2.6. Performance Testing of Humidity-Sensing Elements

Under conventional conditions of 25 °C and 40% RH in a constant temperature and humidity chamber, humidity response tests are performed on interdigitated electrodes with a gap of 200 μm using different detection frequencies. The changes in capacitance values over time are observed to determine the appropriate detection frequency.

At fixed humidity levels of 30% RH, 60% RH, and 90% RH, the temperature in the constant temperature and humidity chamber is adjusted from 10 °C to 40 °C in increments of 5 °C, while the light intensity varies from 0 Lux to 10,000 Lux in increments of 2000 Lux.

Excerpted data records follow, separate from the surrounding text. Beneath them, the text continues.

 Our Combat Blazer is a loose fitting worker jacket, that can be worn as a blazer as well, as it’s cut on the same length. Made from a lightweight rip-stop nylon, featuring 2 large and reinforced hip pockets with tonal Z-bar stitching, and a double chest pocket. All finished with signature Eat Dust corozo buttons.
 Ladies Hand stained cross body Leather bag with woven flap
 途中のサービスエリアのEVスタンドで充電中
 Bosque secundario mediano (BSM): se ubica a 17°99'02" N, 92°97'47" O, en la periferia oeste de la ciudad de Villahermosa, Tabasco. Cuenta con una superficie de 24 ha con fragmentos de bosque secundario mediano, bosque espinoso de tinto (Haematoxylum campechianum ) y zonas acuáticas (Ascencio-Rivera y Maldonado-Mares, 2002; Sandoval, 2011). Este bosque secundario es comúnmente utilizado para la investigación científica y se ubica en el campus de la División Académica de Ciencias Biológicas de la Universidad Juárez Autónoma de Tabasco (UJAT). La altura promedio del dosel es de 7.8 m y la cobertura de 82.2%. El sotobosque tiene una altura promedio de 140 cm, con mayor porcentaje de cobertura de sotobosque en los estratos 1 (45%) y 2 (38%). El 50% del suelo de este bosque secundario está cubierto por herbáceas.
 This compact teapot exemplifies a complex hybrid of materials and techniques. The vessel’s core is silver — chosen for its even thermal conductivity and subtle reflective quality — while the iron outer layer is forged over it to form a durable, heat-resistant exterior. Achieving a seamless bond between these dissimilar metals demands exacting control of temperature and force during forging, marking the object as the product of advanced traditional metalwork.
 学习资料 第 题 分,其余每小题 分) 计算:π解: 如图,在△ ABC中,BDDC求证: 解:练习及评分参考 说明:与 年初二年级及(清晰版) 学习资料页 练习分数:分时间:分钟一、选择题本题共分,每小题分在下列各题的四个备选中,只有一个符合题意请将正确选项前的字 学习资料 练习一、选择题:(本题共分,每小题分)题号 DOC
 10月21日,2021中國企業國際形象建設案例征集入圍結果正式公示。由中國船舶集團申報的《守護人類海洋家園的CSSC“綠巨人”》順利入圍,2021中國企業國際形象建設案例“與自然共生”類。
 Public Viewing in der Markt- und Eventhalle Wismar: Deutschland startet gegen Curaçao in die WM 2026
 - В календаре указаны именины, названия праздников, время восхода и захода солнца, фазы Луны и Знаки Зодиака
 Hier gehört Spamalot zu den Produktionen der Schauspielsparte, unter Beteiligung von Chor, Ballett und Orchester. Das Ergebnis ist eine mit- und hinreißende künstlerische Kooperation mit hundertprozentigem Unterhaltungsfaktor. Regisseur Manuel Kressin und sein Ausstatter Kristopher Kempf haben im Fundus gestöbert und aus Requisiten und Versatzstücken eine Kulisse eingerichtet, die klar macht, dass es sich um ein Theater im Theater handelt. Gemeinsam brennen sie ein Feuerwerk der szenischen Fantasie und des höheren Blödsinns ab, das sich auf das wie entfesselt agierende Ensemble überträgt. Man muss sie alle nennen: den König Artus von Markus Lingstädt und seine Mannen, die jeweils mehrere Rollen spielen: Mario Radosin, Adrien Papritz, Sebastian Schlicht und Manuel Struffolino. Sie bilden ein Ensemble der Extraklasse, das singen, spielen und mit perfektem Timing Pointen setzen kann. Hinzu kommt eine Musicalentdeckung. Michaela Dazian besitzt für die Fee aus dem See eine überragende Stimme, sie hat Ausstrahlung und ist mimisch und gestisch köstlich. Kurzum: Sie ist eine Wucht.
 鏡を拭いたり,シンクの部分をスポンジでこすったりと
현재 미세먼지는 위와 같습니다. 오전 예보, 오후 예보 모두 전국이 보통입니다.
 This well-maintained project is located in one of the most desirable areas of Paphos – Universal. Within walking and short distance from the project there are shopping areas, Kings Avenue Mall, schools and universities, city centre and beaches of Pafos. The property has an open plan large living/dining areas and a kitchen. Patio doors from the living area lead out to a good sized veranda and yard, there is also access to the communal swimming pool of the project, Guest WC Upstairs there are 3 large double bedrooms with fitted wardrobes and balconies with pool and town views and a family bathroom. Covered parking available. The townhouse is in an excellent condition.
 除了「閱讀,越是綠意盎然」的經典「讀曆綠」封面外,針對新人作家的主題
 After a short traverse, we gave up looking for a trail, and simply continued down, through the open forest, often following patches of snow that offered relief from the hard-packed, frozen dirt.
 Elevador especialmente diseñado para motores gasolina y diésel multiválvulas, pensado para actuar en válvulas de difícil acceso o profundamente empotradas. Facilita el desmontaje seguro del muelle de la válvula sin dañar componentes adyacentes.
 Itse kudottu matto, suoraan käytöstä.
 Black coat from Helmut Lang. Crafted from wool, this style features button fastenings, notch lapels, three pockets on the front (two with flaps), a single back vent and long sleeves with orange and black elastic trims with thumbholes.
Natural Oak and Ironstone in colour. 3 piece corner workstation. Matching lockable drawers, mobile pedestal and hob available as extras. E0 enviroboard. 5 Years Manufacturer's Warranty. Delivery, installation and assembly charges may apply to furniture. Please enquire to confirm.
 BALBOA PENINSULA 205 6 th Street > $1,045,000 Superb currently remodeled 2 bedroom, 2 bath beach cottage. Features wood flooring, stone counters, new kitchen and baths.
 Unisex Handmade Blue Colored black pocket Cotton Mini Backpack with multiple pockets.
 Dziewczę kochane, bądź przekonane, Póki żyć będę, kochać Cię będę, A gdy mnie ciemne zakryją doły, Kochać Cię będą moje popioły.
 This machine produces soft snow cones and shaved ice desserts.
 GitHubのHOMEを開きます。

An LCR tester records the capacitance changes of the humidity-sensing element. For bending interference analysis, as illustrated in Figure 3, the anti-interference performance of the humidity-sensing element is evaluated by altering its bending degree and measuring the corresponding capacitance values.

The sensitivity $S_{RH}$ used to characterize the humidity-sensing element is defined as

(2)$S_{RH}={\displaystyle \frac{C-C_0}{RH-R{H}_0}},$

The humidity-sensing element is quickly transferred from a constant temperature and humidity chamber at 20% RH to another chamber at 80% RH (at a temperature of 25 °C), and the process is monitored until the capacitance value of the element stabilizes. The time taken for this process is recorded as the adsorption response time of the humidity-sensing element. Similarly, the element is transferred from a constant temperature and humidity chamber at 80% RH to another chamber at 20% RH (at a temperature of 25 °C), and the time required for the capacitance value to stabilize is recorded as the desorption time of the humidity-sensing element. Over a period of 30 days, the capacitance values of the humidity-sensing element are measured at different relative humidity levels (20% RH, 40% RH, 60% RH, and 80% RH) at 5-day intervals to assess the stability of the humidity-sensing element.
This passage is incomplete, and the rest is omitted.